GIVEN MATERIAL
------
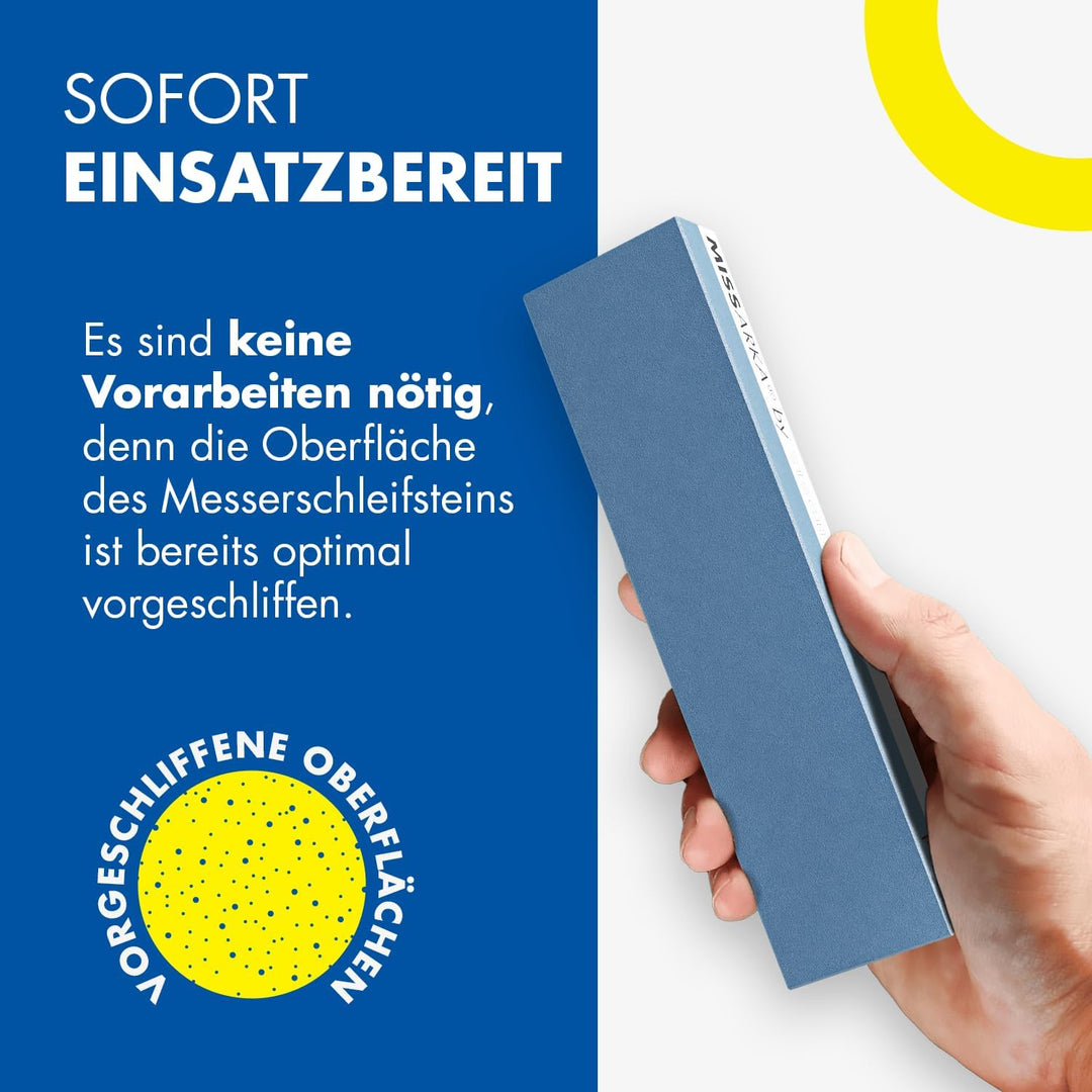 - SOFORT EINSATZBEREIT – Dank der vorgeschliffenen Oberfläche sofort einsatzbereit. Die Kanten vom extra grossen Wasserstein sind gefast, wodurch das Schleifen erleichtert und die Messerschneide nicht verletzt wird
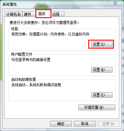 3.此时会跳出系统属性界面,将上方的标签切换到“高级”,点击下方性能里的“设置按钮”
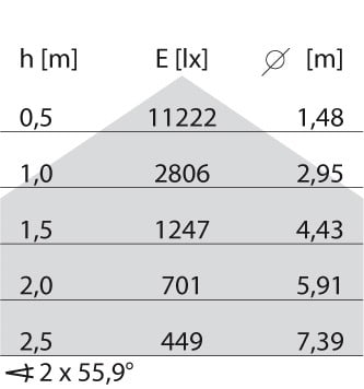faible éblouissement selon EN 12464-1 (UGR Inf. à 19):
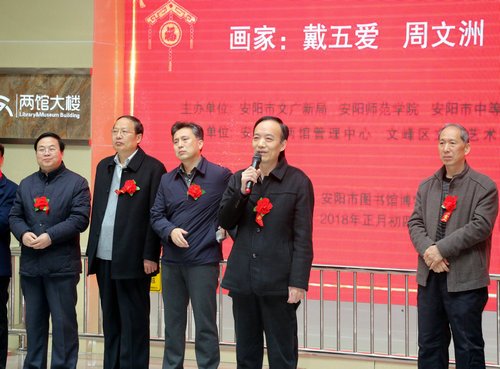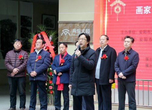 ??? 開幕式現(xiàn)場,河南省美協(xié)會副主席李明、安陽市文廣新局局長薛文明、安陽市美術(shù)家協(xié)會主席唐川府、參展作者代表戴五愛等嘉賓發(fā)表了熱情洋溢的講話。隨后,安陽市委常委、宣傳部部長常保利宣布了本次畫展開幕。
------
ACTION ITEM
Would you restate the listing word for word and leave every picture out?

RESPONSE BELOW
 - SOFORT EINSATZBEREIT – Dank der vorgeschliffenen Oberfläche sofort einsatzbereit. Die Kanten vom extra grossen Wasserstein sind gefast, wodurch das Schleifen erleichtert und die Messerschneide nicht verletzt wird
 3.此时会跳出系统属性界面,将上方的标签切换到“高级”,点击下方性能里的“设置按钮”
faible éblouissement selon EN 12464-1 (UGR Inf. à 19):
 ??? 開幕式現(xiàn)場,河南省美協(xié)會副主席李明、安陽市文廣新局局長薛文明、安陽市美術(shù)家協(xié)會主席唐川府、參展作者代表戴五愛等嘉賓發(fā)表了熱情洋溢的講話。隨后,安陽市委常委、宣傳部部長常保利宣布了本次畫展開幕。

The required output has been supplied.